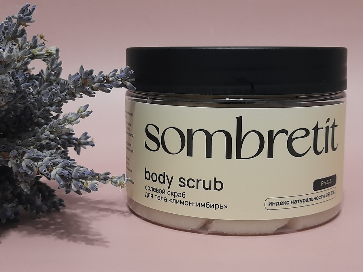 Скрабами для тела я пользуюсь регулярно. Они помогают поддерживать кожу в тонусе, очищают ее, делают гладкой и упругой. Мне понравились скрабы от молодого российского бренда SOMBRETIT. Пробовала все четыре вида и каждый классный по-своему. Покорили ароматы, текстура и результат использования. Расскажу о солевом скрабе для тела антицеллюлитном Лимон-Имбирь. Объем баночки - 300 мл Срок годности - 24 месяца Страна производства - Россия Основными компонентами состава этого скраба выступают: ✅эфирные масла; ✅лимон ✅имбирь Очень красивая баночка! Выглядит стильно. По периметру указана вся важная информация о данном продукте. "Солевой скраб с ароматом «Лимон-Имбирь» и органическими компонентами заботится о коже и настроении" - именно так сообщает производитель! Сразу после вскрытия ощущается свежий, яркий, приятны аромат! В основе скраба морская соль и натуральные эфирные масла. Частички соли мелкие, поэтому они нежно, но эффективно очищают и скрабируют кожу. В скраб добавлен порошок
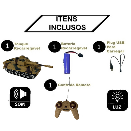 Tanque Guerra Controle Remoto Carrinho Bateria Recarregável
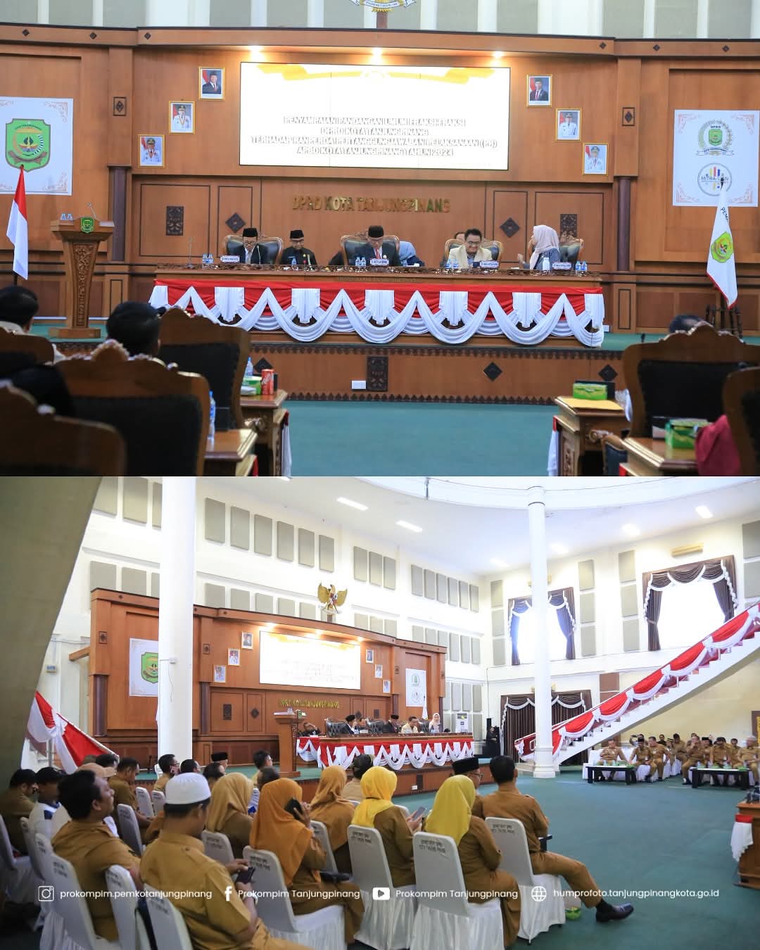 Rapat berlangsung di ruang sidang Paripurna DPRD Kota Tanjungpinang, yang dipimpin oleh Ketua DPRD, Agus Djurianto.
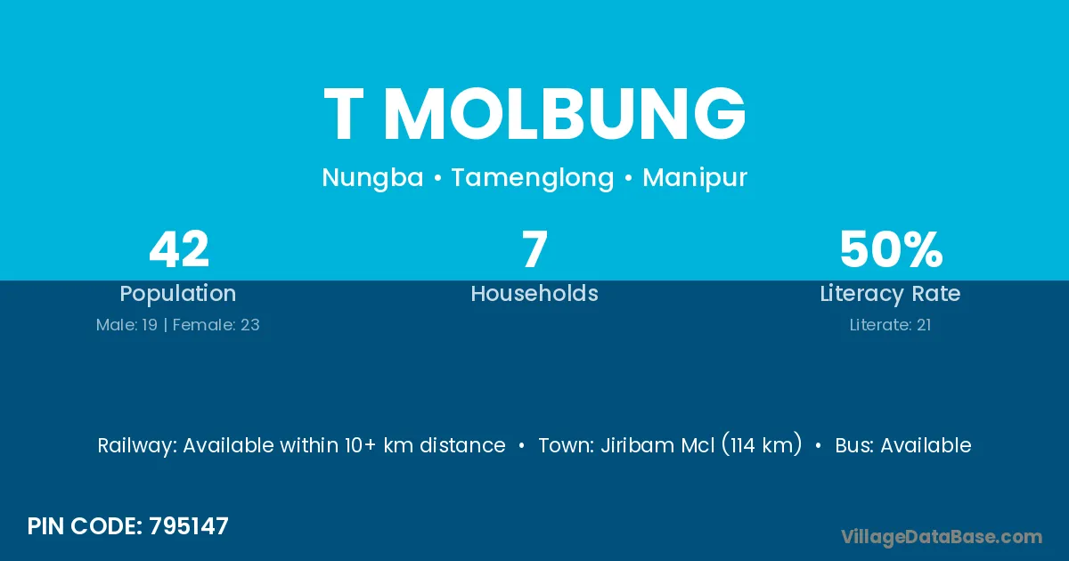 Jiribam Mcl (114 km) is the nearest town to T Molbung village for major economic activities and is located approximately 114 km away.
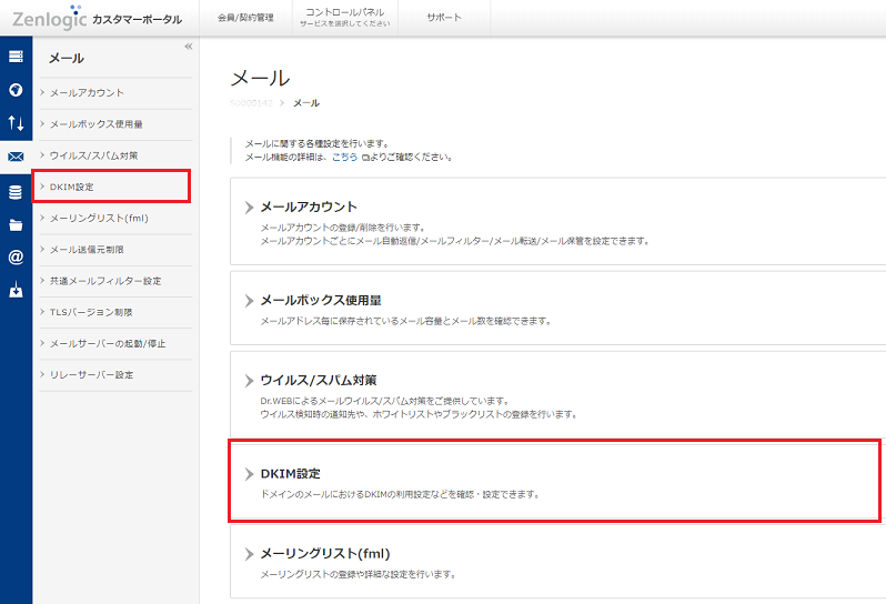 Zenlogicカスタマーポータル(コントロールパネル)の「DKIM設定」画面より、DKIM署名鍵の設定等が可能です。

» Brief:
Repeat each line of the material, unaltered, from the first through the line with "Rapat berlangsung di", and include no pictures.

» Exercise output:
 Скрабами для тела я пользуюсь регулярно. Они помогают поддерживать кожу в тонусе, очищают ее, делают гладкой и упругой. Мне понравились скрабы от молодого российского бренда SOMBRETIT. Пробовала все четыре вида и каждый классный по-своему. Покорили ароматы, текстура и результат использования. Расскажу о солевом скрабе для тела антицеллюлитном Лимон-Имбирь. Объем баночки - 300 мл Срок годности - 24 месяца Страна производства - Россия Основными компонентами состава этого скраба выступают: ✅эфирные масла; ✅лимон ✅имбирь Очень красивая баночка! Выглядит стильно. По периметру указана вся важная информация о данном продукте. "Солевой скраб с ароматом «Лимон-Имбирь» и органическими компонентами заботится о коже и настроении" - именно так сообщает производитель! Сразу после вскрытия ощущается свежий, яркий, приятны аромат! В основе скраба морская соль и натуральные эфирные масла. Частички соли мелкие, поэтому они нежно, но эффективно очищают и скрабируют кожу. В скраб добавлен порошок
 Tanque Guerra Controle Remoto Carrinho Bateria Recarregável
 Rapat berlangsung di ruang sidang Paripurna DPRD Kota Tanjungpinang, yang dipimpin oleh Ketua DPRD, Agus Djurianto.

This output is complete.